Eu era criança ainda quando descobri esse buraco sem fundo chamado solidão, que me acompanha diariamente no meu para sempre. Tinha medo de sua feiúra e escuridão, das coisas estranhas que me dizia antes de dormir... Mas minha inquietação durou pouco: peguei na mão de minha mãe e segui com ele, o vazio de todos, me acostumando à sua constante presença.
Devagar, percebi que a solidão podia ser uma boa companhia, já que me proporcionava momentos de profunda inspiração, além de me confessar verdades que ninguém jamais teria coragem de me contar. E quanto mais gente eu conhecia e amava, mais esse buraco aumentava, crescia para os lados e para cima, tomando conta de tudo.
Já na juventude, eu quis amar mais e conhecer tantas outras pessoas, na intenção vã de preenchê-lo.
Ah, então veio aquele mar de dor: vi com olhos esbugalhados como eu era só e que não havia remédio para curar o que é sina de toda a gente. Chorei pelos cantos, incompreendida, sem compreender nada.
E de aguar-me sem nenhuma compostura, aprendi que a solidão poderia ser minha salvação, buraco guardador de segredos e apanhador de sonhos.
Agora, já mais velha mas nem tanto assim, percebo minha solidão (que em verdade, é nossa) com olhos mais serenos. Encanta-me saber que esse buraco é só meu, um fundo particular, com quem compartilho ideias luminosas, pequenos prazeres e incontáveis lágrimas; meu fiel amigo a quem revelei meu melhor e meu pior.
Peguei na mão da solidão e sigo com ela.

Sobre o Crescer

Eu e minha filha conversando no carro ontem, na volta para casa:

- Mãe, o maternal está cheio de bebezucos! Hoje uma bebezuca foi lá fora com a gente! Sabe aquela bicicletinha bobinha, de madeira, então, eu gostava dela.

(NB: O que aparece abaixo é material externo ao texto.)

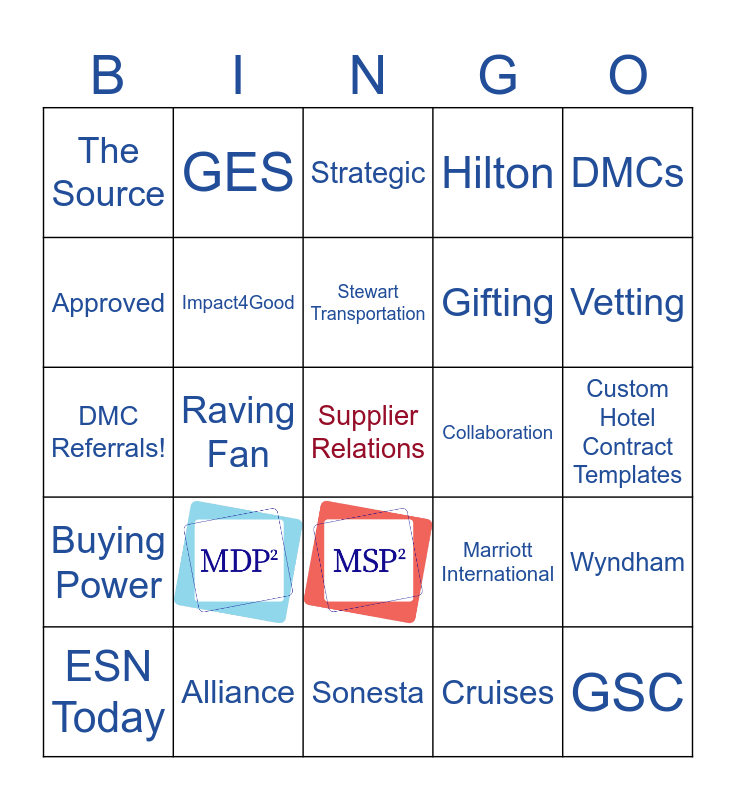 This bingo card has 2 images, a free space and 27 words: ESN Today, Hotels, Raving Fan, Resolution, The Source, Strategic, Impact4Good, Collaboration, Alliance, Custom Hotel Contract Templates, GSC, Sonesta, Cruises, Vetting, PRA, Buying Power, DMCs, DMC Referrals!, Marriott International, AV/Production, Gifting, Approved, Hilton, GES, Wyndham, Stewart Transportation and Maritz.
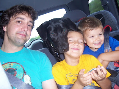 Aren’t my guys just the cutest, cuddliest boys you’ve ever seen? Connor didn’t really want to ride in the back, and at one point climbed over the seat and sat on Ethan’s lap. Such a cute dog.
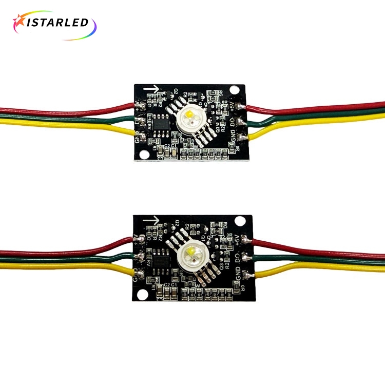High power digital rgbw 4w led module use RGBW Warm white with 140 degree beam,which are connected by a 3 color cable,that is DC5V+,DATA and GND,of course,extra power cable for each chain.Supper bright 4w rgbw spi pixel led module is made by single piece,each pcs with 3PIN JST SM female and male connectors, male connectors as input,female connectors as output as normal one, of course can do customer cables.
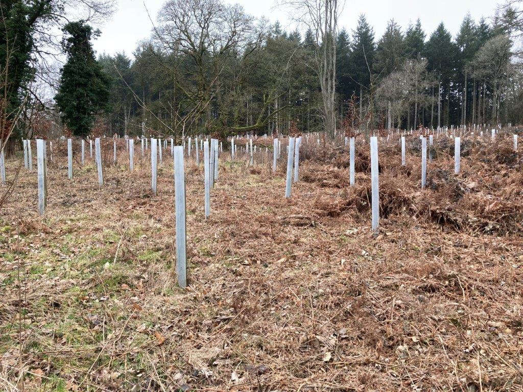 The maintenance in plantations includes putting back up fallen tree shelters, replacing rotten tree shelter stakes, and beating up – replacing failed whips. The undergrowth in some areas is in danger of smothering these tree shelters and excluding light to the new trees. The clearance of scrub is carried out by brush cutting.
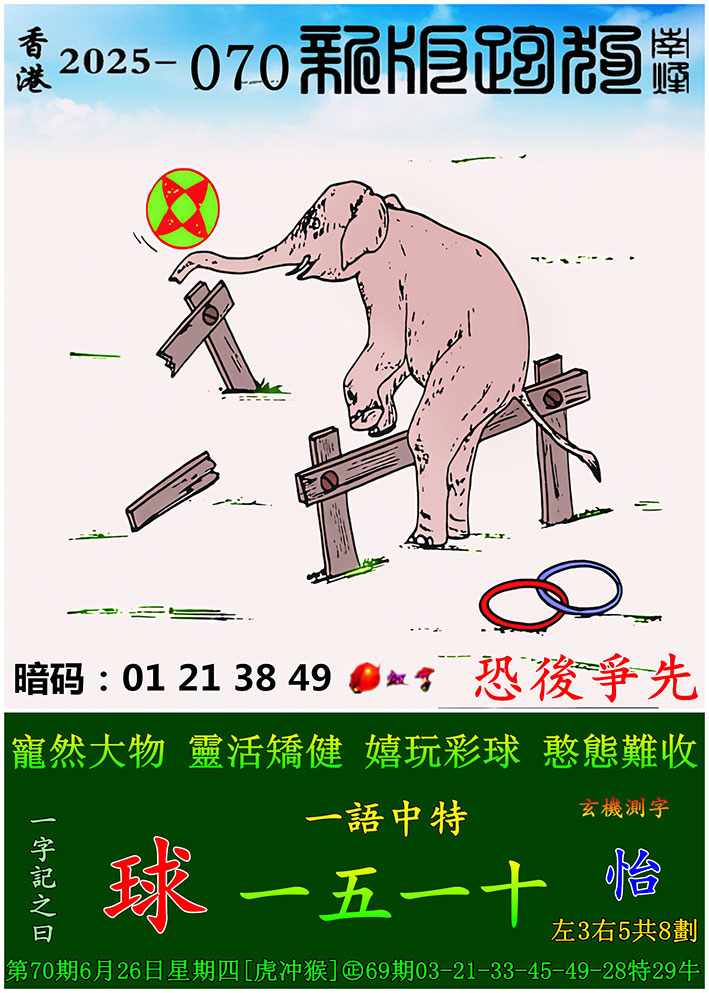 070期:新版跑狗一字記之曰【球】 玄機測字:【怡】
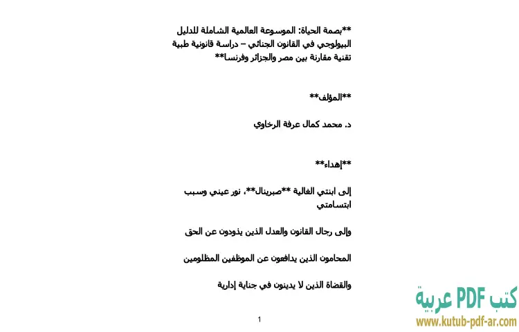 تحميل كتاب بصمة الحياة PDF – محمد كمال الرخاوي – تقدم "بصمة الحياة: الموسوعة العالمية الشاملة للدليل البيولوجي في القانون الجنائي" للدكتور محمد كمال الرخاوي دراسة قانونية طبية تقنية تتناول موضوعًا حيويًا يجمع بين البيولوجيا والقانون الجنائي. يتناول الكتاب مقارنة شاملة بين الأنظمة القانونية في مصر والجزائر وفرنسا في سياق استخدام الدليل البيولوجي، مما يجعله مصدرًا غنيًا للمعلومات اللازمة لفهم العلاقة بين العلم والقانون.
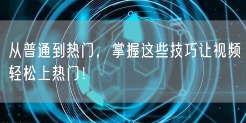 从普通到热门,掌握这些技巧让视频轻松上热门!
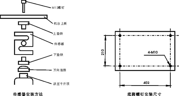注意:安裝時請居中安裝傳感器、機臺、千斤頂。測試使用時,拉壓負荷力的方向應(yīng)在機臺中心。
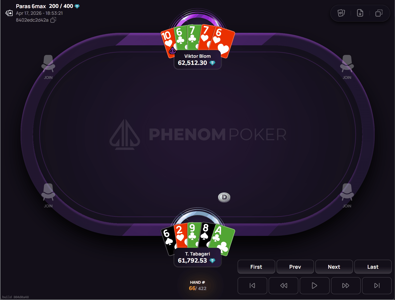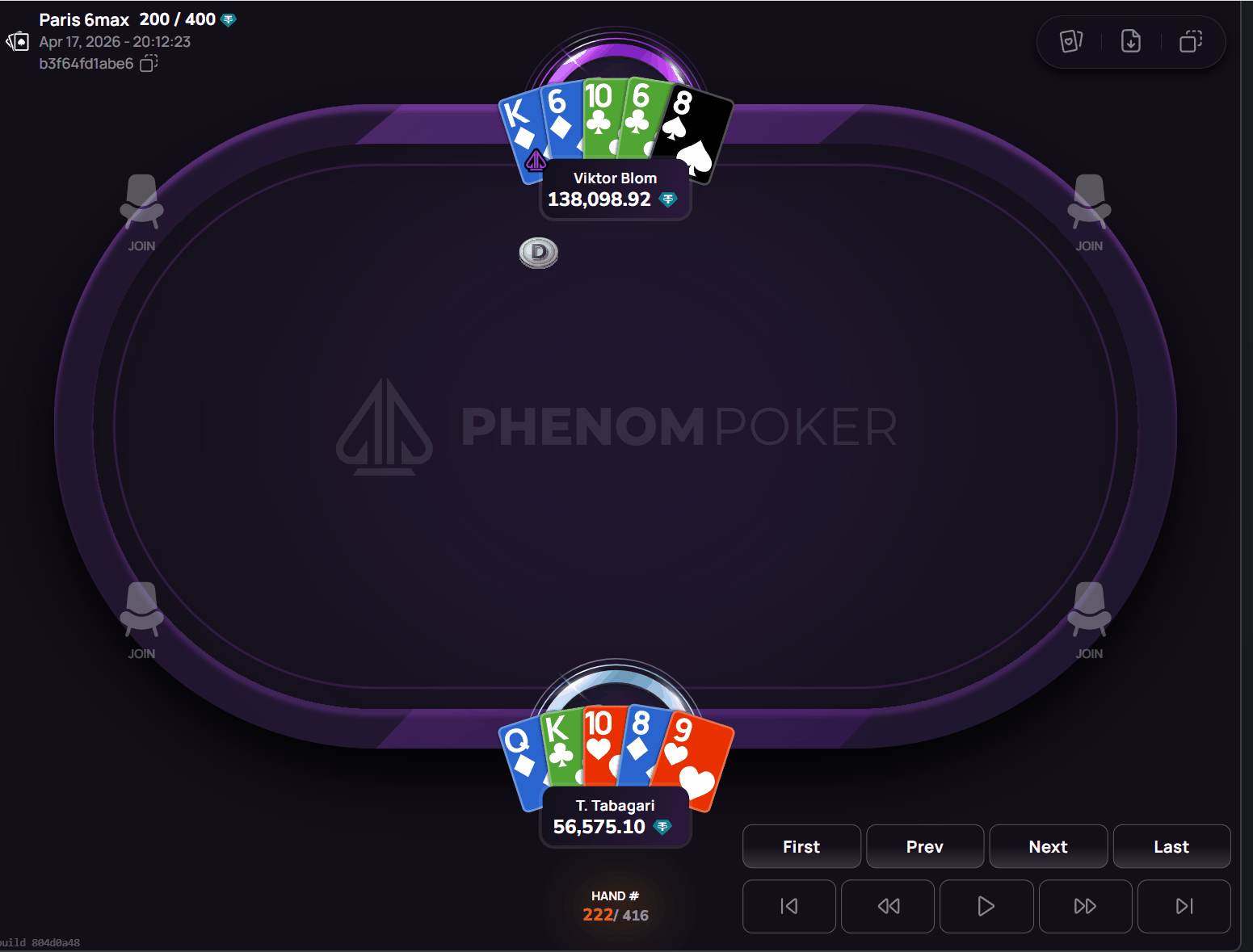 The K♠️-J♠️-6♥️ flop connected with Blom's K♦️-6♦️-T♣️-6♣️-8♠️ in multiple ways: a pair of kings alongside a set of sixes, using both pocket sixes with the 6♥️ on board. Tabagari held K♣️ with top pair and a strong wrap draw combining his Q♦️-T♥️-8♦️-9♥️. He called bets on the flop and turn, but the 4♣️-3♠️ runout did not complete his draws. Blom's set of sixes took down the 56,568 USDT pot.
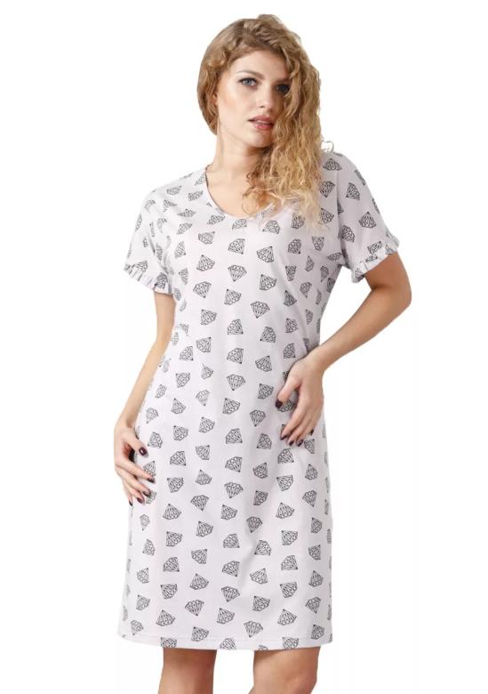 Dámská noční košile Zarta 1034 LEVEZA je pohodlný kousek vhodný nejen na spaní, ale i pro relaxaci doma. Košile s krátkým rukávem je zdobená jemným vzorem diamantů, který přidává na stylovosti a vkusném designu. Díky jednoduchému střihu a kulatému výstřihu je ideální volbou pro každou ženu, která hledá pohodlí bez zbytečných ozdob.
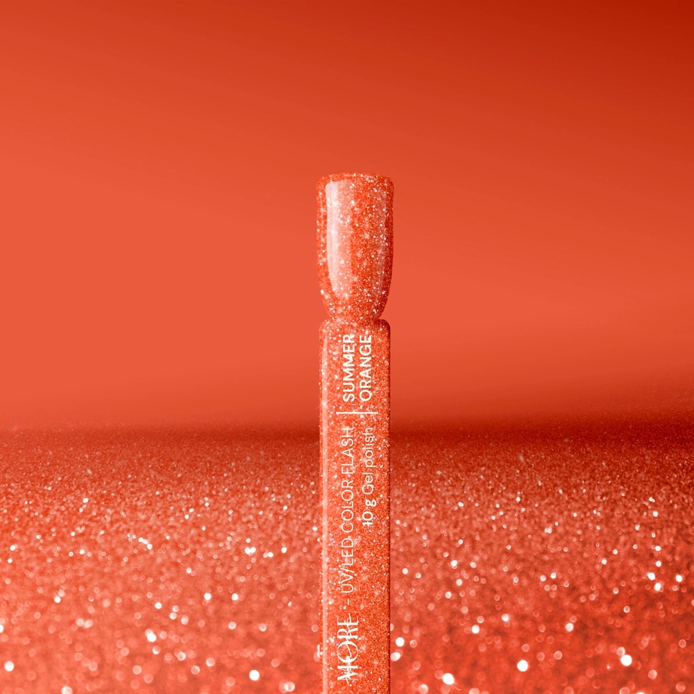 SUMMER FLASH ORANGE – an exciting hybrid nail polish that takes you straight to a summer beach. The intense orange shade reflects the warmth of the summer sun, while the sparkling particles add elegance and shine. This shade is a perfect choice to emphasize the summer vibe and add energy to any styling.
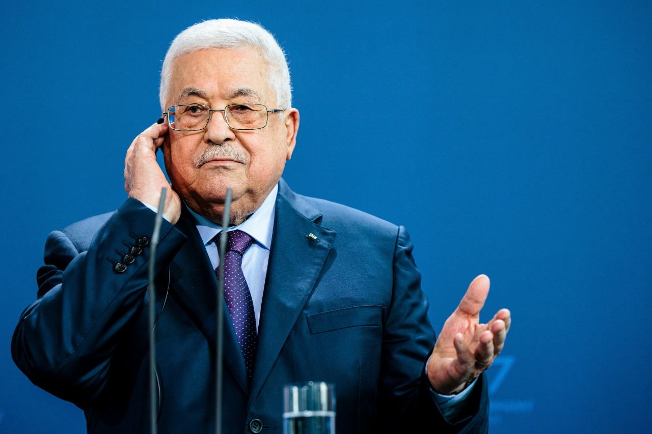 عباس خلال مؤتمر صحافي مشترك مع المستشار الألماني (ليس في الصورة) في مقر المستشارية في برلين (16 آب 2022، أ ف ب).
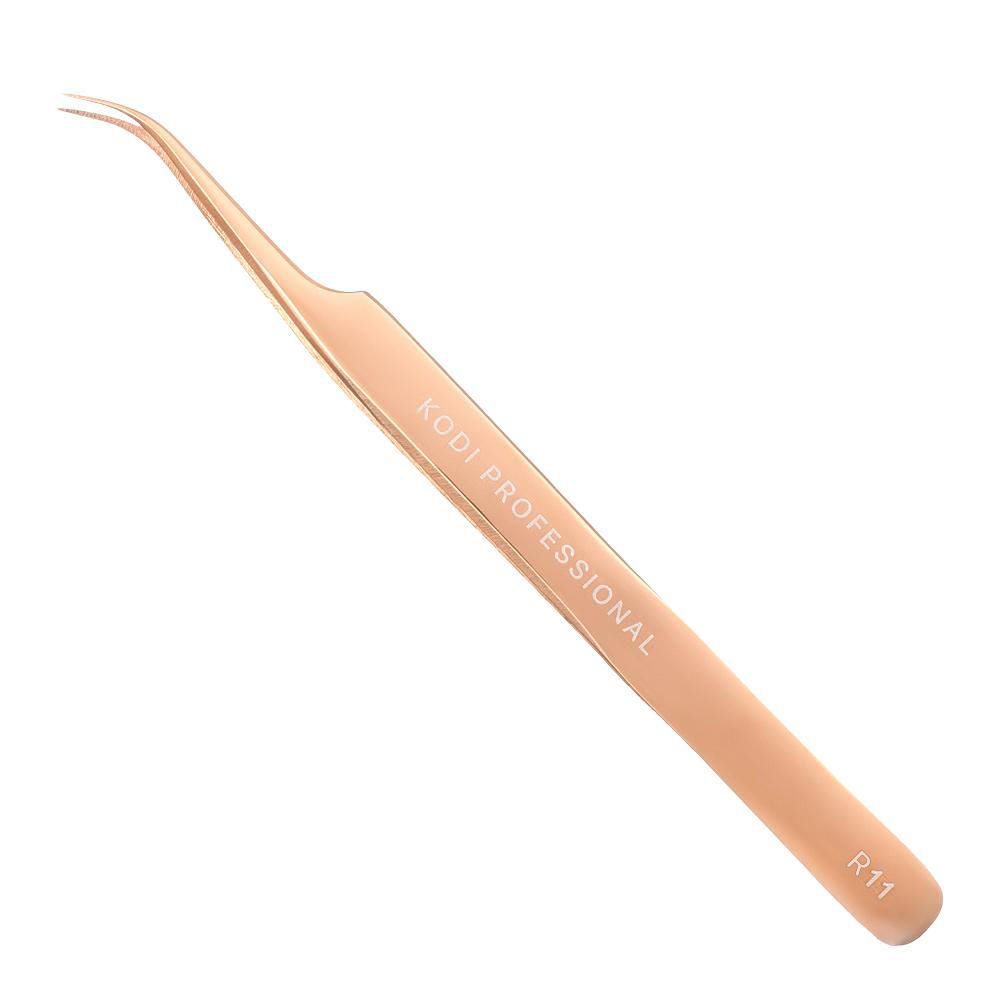 Модель вигнутого пінцету R11 призначена для кріплення навіть найбільш тонких вій на внутрішньому та зовнішньому куточках повік. Він настільки делікатний та зручний, що може стати альтернативою класичного прямого точкового пінцету. Також інструмент можна використовувати у об'ємних техніках моделювання. Його робочі краї надзвичайно легко і щільно стуляються, дозволяючи фіксувати найтонший матеріал. Професійне заточування та ідеальне високоякісне полірування запобігає деформації та заламуванню волосків. Матеріал виготовлення — стійка до корозії сталь, що робить можливим багаторазову стерилізацію.
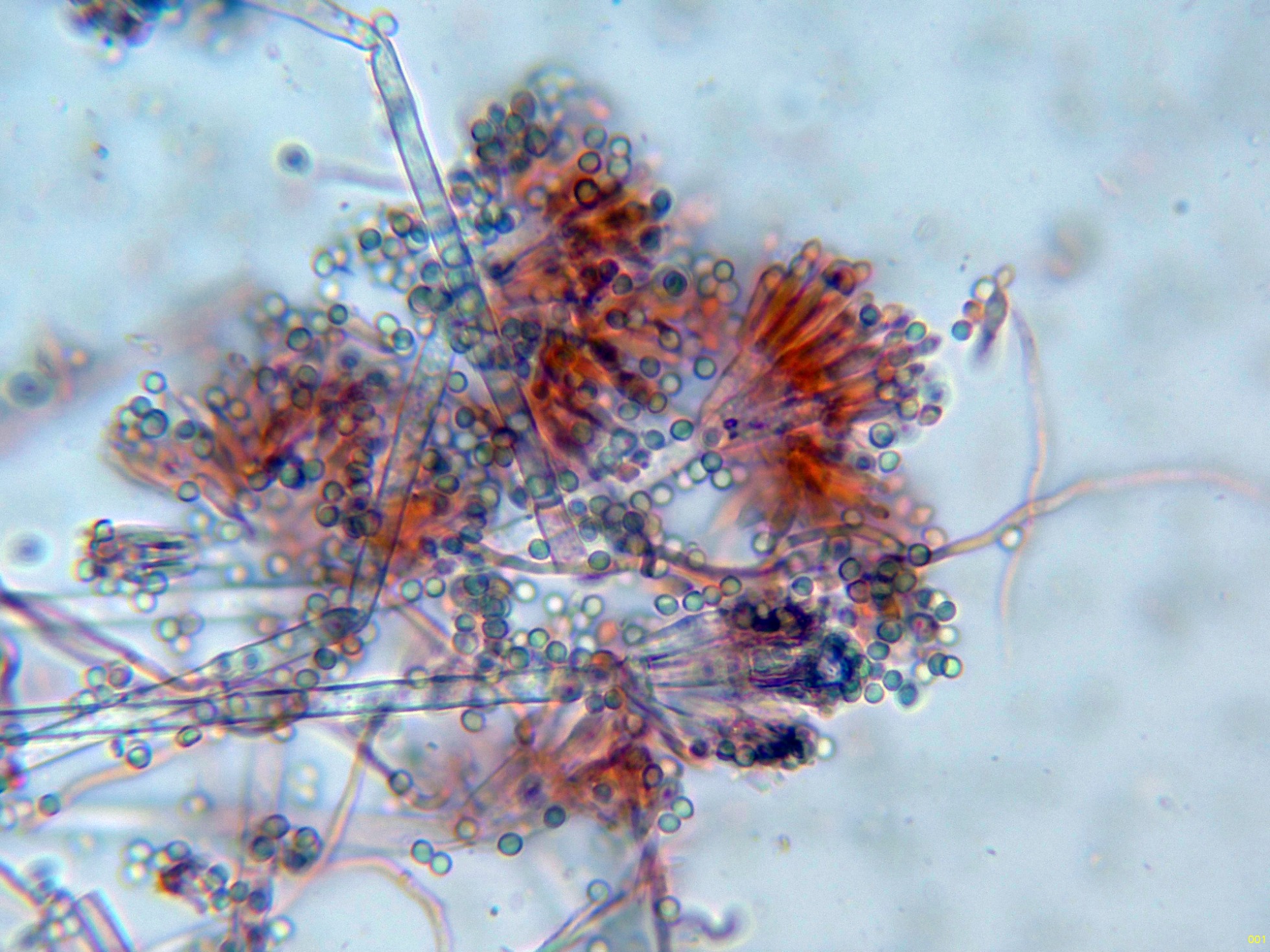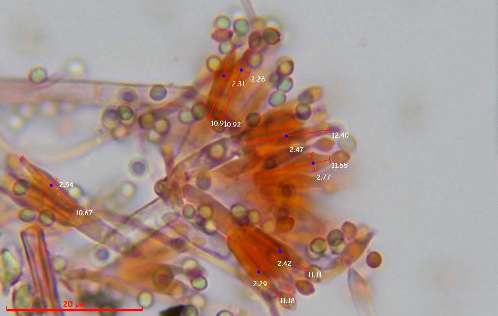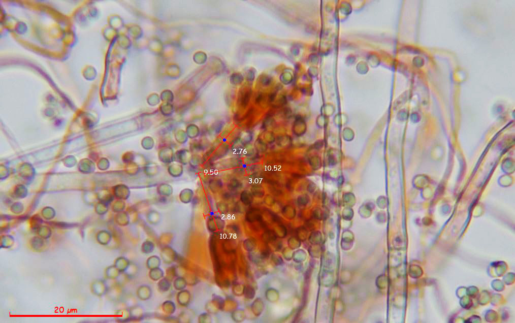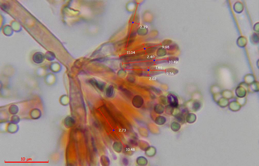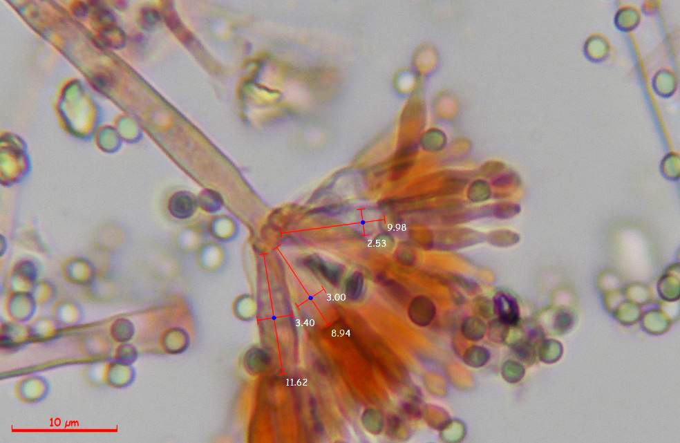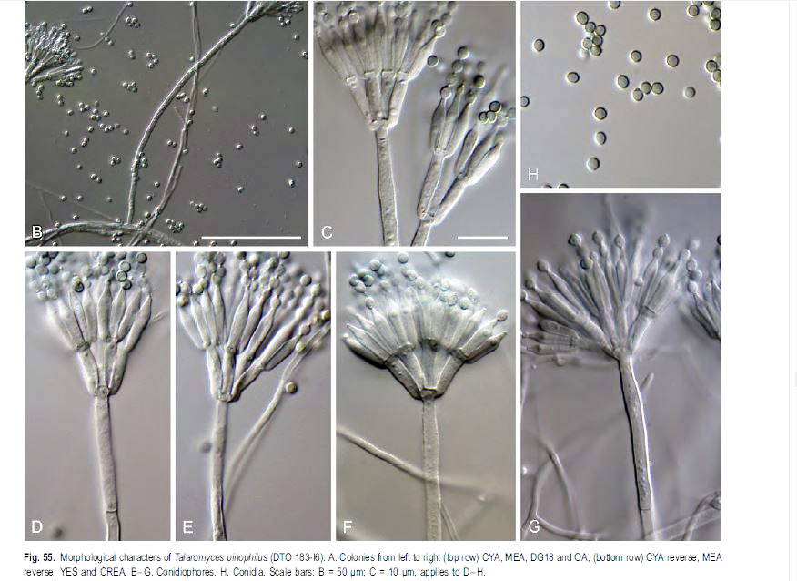 Estudio contrastado con la información del documento del 22 de septiembre de 2014, con el título "Polyphasic taxonomy of the genus Talaromyces", en el que se indican para el Talaromyces pinophilus unas medidas para las fiálides de 8.5–12 × 2–3 μm., unas medidas para las métulas de 10–11 × 2.5–3 μm. y unas medidas para los conidios de 2–3 × 2–3 μm., todos los parámetros muy acorde con los reflejados en el presente estudio. Añado una imágen con la microscopía del Talaromyces pinophilus extraída del mismo documento:

- Nossa Isadora, você lembra do maternal? Que legal! Que brinquedo mais gostava?

- Primeiro do cavalinho e segundo da bicicletinha.

- E agora no Jardim, o que mais gosta filha?

(pensativa) - Hummm, nenhum brinquedo.

- Como assim, nenhum brinquedo? Não tem nada de que você goste?

(pensativa) - Ah, já sei mãe, o brinquedo que mais gosto sou eu mesma, porque eu que fico inventando as brincadeiras...

quinta-feira, 19 de setembro de 2013

Sobre a Alma

Estão lá, gravadas na alma, todas as experiências, sensações, imagens abstratas de cada contato travado com o outro. Fico pensando que mar sem fim é esse de mim e que cabe nesse meu corpo de cinquenta e cinco quilos.
Ela pulsa e vibra e rodopia quando durmo, viajando entre os astros, ansiosa para desprender-se de mim mais uma vez na próxima noite. Percebo que é por isso que, vez ou outra, acordo cansada, como se tivesse passado a noite numa festa. Ou então, abro os olhos e ainda vejo estrelas...
Ela carrega meus hábitos, vícios, mazelas e maldades. Eu devo consertá-la, com frequência, para que não fique inutilizável. É preciso curativos, bandagens... As crianças costumam ter os mais eficazes unguentos para a alma: trazem carinho nas mãos, verdades na boca e anjos no olhar. Como num passe de mágica, são capazes de revitalizar nosso dentro sem deixar rastros.
Mas é também ela que sustenta minha moral, minha ética, minha espiritualidade e todas as outras virtudes que venho cultivando, cautelosamente, há milênios.
Ainda bem que eu não a vejo. Acredito que se ela tivesse uma forma, seria disforme, uma coisa assim torta e estranha, meio feia e meio bonita, uma mistura de azedo e doce.
Acho que a alma deve ser um algo confuso. Com tanta coisa ali, boa e ruim, velha e nova, quase nem acho palavras para descrevê-la.
Umas palavras que me lembram alma e que fazem sentido, para mim, na comparação do que eu imagino que ela seja, com o que conheço de concreto são "samba", "babel", "Lua" ou expressões inexistentes como "coisa coisada".
Eu queria mesmo poder escrever sobre a alma porque é um jeito de entender melhor o que a gente não compreende. A palavra ajuda a pensar e o pensamento ajuda a construir palavras... Na verdade, era essa a intenção do texto. Mas já vi que não vai dar. A alma vai ficar para depois.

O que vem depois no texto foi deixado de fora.